10. After a century of Orthodox participation in the ecumenical movement, and years in the WCC in particular, we do not perceive sufficient progress in the multilateral theological discussions between Christians. On the contrary, the gap en the Orthodox and the Protestants is becoming wider as the aforementioned tendencies within certain Protestant denominations are becoming stronger.
11. During the Orthodox participation of many decades in the ecumenical movement, Orthodoxy has never been betrayed by any representative of a local Orthodox Church. On the contrary, these representatives have always been completely faithful and obedient to their respective Church authorities, acted in complete agreement with the canonical rules, the Teaching of the Ecumenical Councils, the Church Fathers and the Holy Tradition of the Orthodox Church. 12. We therefore come to the suggestion that the WCC must be radically restructured in order to allow more adequate Orthodox participation. Many Orthodox Churches raise questions as to what are the final criteria of the inclusion of a Church in a wider organization such as the WCC. The same questions exist for the inclusion of the Orthodox Church in the Council.
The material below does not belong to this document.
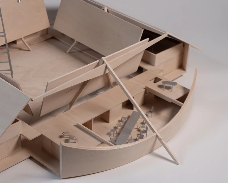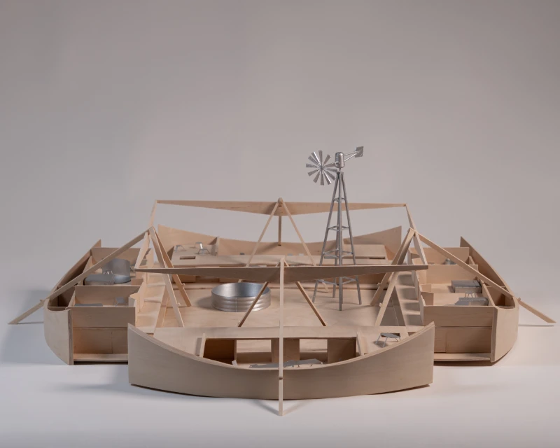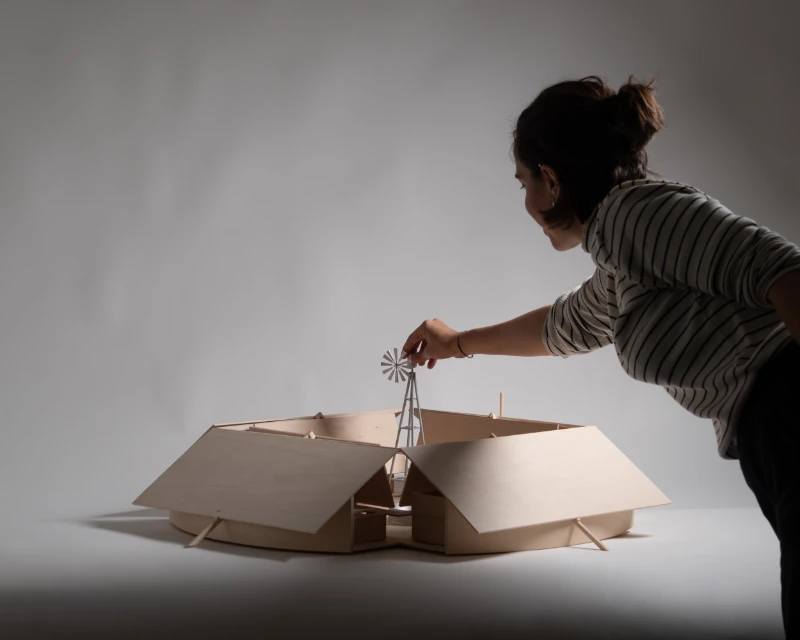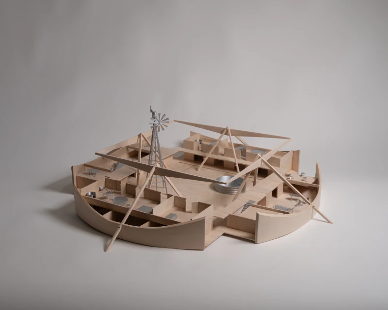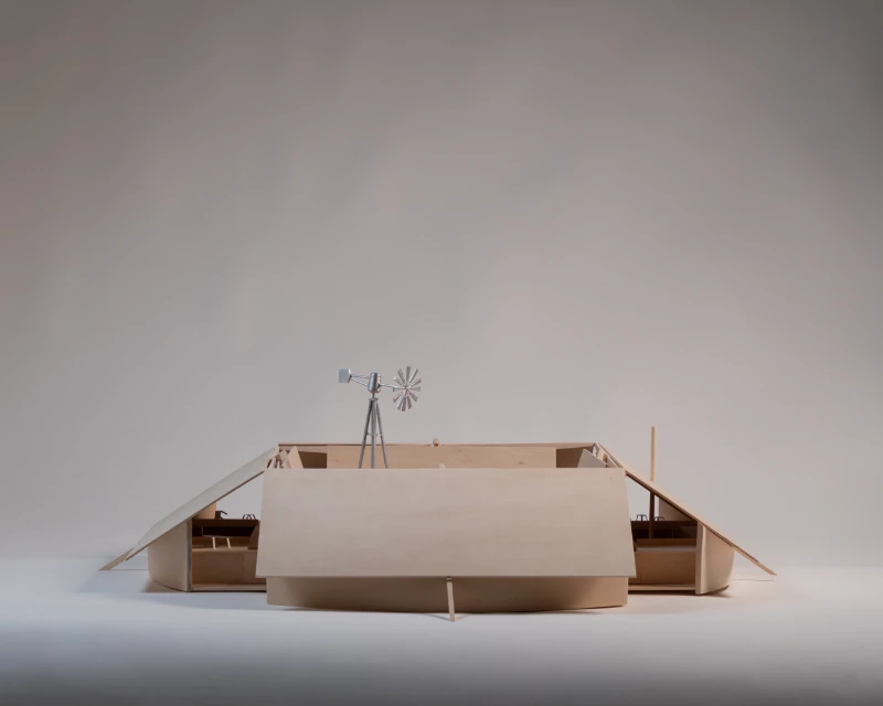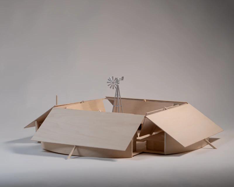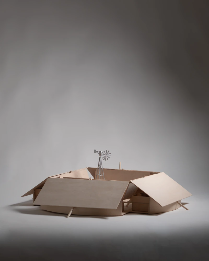 The Big House is conceived as a structure that emerges and floats in the Argentinian countryside, surrounded by water tanks, mills, crops, and some animals. It is usually windy, and the sun is quite strong.

Nevertheless, the theme of the criteria for inclusion is and will remain a fundamental request of Orthodoxy.
13. All the Orthodox Churches are requested to send official delegates to the VIII Assembly of the WCC in Harare, December 1998, with the aim of expressing their concerns as follows:
- Orthodox delegates participating at Harare will present in common this Statement of the Thessaloniki Pan-Orthodox Meeting.
- Orthodox delegates will not participate in ecumenical services, common prayers, worship and other religious ceremonies at the Assembly.
- Orthodox delegates generally will not take part in the voting procedure except in certain cases that concern the Orthodox and by unanimous agreement. If it is needed, in the plenary and group discussions, they will present the Orthodox views and positions.
- These mandates will be maintained until a radical restructuring of the WCC is accomplished to allow adequate Orthodox participation.
14. Thus we state that we are no longer satisfied with the present forms of Orthodox membership in the WCC. If the structures of the WCC arc not radically changed, other Orthodox Churches will also withdraw from the WCC, as has the church of Georgia. In addition the Orthodox delegates at the VIII Assembly will be forced to protest if the representatives of sexual minorities are admitted to participation structurally in the Assembly.
15. Finally, the delegates underline that major decisions concerning the participation of the Orthodox Churches in the ecumenical movement must be in accordance with pan-Orthodox decisions and must be taken by each local Orthodox Church in consultation with all the other local Orthodox Churches.
16. The delegates also strongly suggested that a Mixed Theological Commission be created with Orthodox members appointed by their own respective Churches and from WCC nominees. The Mixed Commission will being its work after the Harare Assembly by discussing the acceptable forms of Orthodox participation in the ecumenical movement and the radical restructuring of the WCC.
17. May the Risen Lord guide our steps towards the accomplishment of His will and the glory of His divine name.